[Start of Attachment]

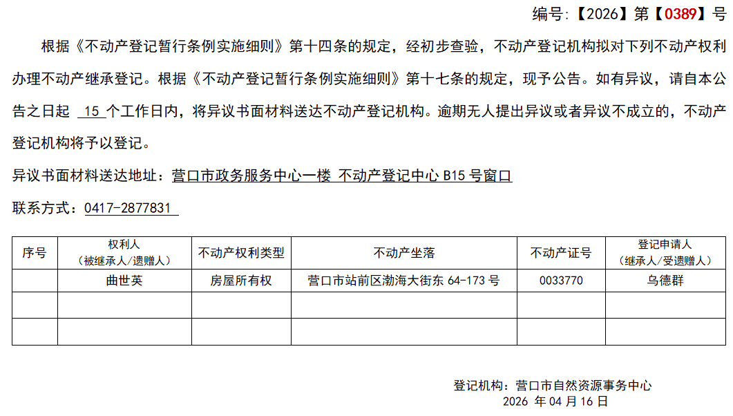 乌德群继承(受遗赠)不动产登记公告-公示公告-营口市不动产登记中心
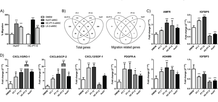 Figure 3: HCC CM enhanced MSC migratory capacity and induced changes in their gene expression pattern. A. Stimulation of MSCs with CM of HuH7 (dark grey bar), HC-PT-5 (black bar) or LX-2 (grey bar) increases chemotaxis towards CM derived from HuH7 or HC-PT-5 cells compared to unstimulated MSCs (DMEM, white bars). Results are expressed as percentage of control (DMEM) ± SEM of 3 independent experiments, each performed in quadruplicate. ***p<0.001 vs unstimulated cells (DMEM, ANOVA and Tukey’s comparison test). B. Venn diagram showing overlap of all the transcripts (left panel) or the genes related with cell migration and invasion (right panel) modulated in MSCs after the exposure to the different CM (HC-PT-5, PT-7, PT-12 or HuH7). C-D. q-RT-PCR validation of certain genes related with cell migration and invasion in MSCs stimulated with the CM (PT-7, PT-12, HC-PT-5 or HuH7) or unstimulated MSCs (DMEM). *p<0.05, **p<0.01 and ***p<0.001 vs unstimulated MSCs (DMEM, ANOVA Dunnett’s test).
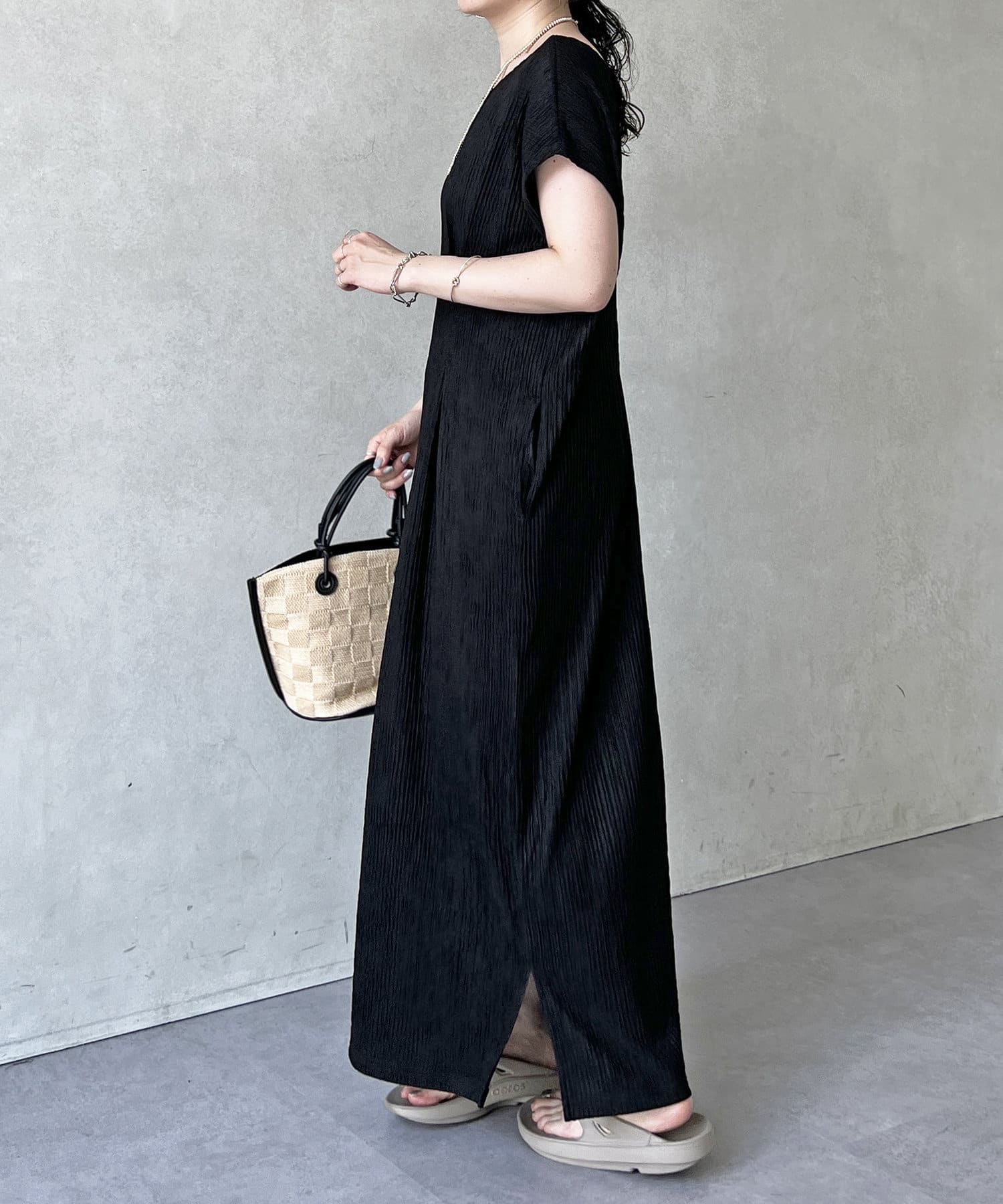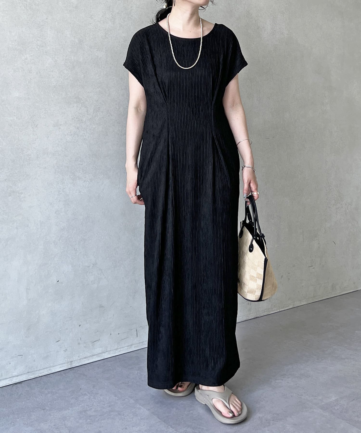 購入する予定ではなかったのに、試着したら、綺麗なラインで痩せ見え!前後2wayって所もよし。一枚でサラッと着れて、夏の暑さもへっちゃらでした。

[End of Attachment]

◆ **TRY IT**
When you copy the lines above, drop the pictures and keep everything else exact.

◆ **FINISHED EXERCISE**
 乌德群继承(受遗赠)不动产登记公告-公示公告-营口市不动产登记中心
 Figure 3: HCC CM enhanced MSC migratory capacity and induced changes in their gene expression pattern. A. Stimulation of MSCs with CM of HuH7 (dark grey bar), HC-PT-5 (black bar) or LX-2 (grey bar) increases chemotaxis towards CM derived from HuH7 or HC-PT-5 cells compared to unstimulated MSCs (DMEM, white bars). Results are expressed as percentage of control (DMEM) ± SEM of 3 independent experiments, each performed in quadruplicate. ***p<0.001 vs unstimulated cells (DMEM, ANOVA and Tukey’s comparison test). B. Venn diagram showing overlap of all the transcripts (left panel) or the genes related with cell migration and invasion (right panel) modulated in MSCs after the exposure to the different CM (HC-PT-5, PT-7, PT-12 or HuH7). C-D. q-RT-PCR validation of certain genes related with cell migration and invasion in MSCs stimulated with the CM (PT-7, PT-12, HC-PT-5 or HuH7) or unstimulated MSCs (DMEM). *p<0.05, **p<0.01 and ***p<0.001 vs unstimulated MSCs (DMEM, ANOVA Dunnett’s test).
 購入する予定ではなかったのに、試着したら、綺麗なラインで痩せ見え!前後2wayって所もよし。一枚でサラッと着れて、夏の暑さもへっちゃらでした。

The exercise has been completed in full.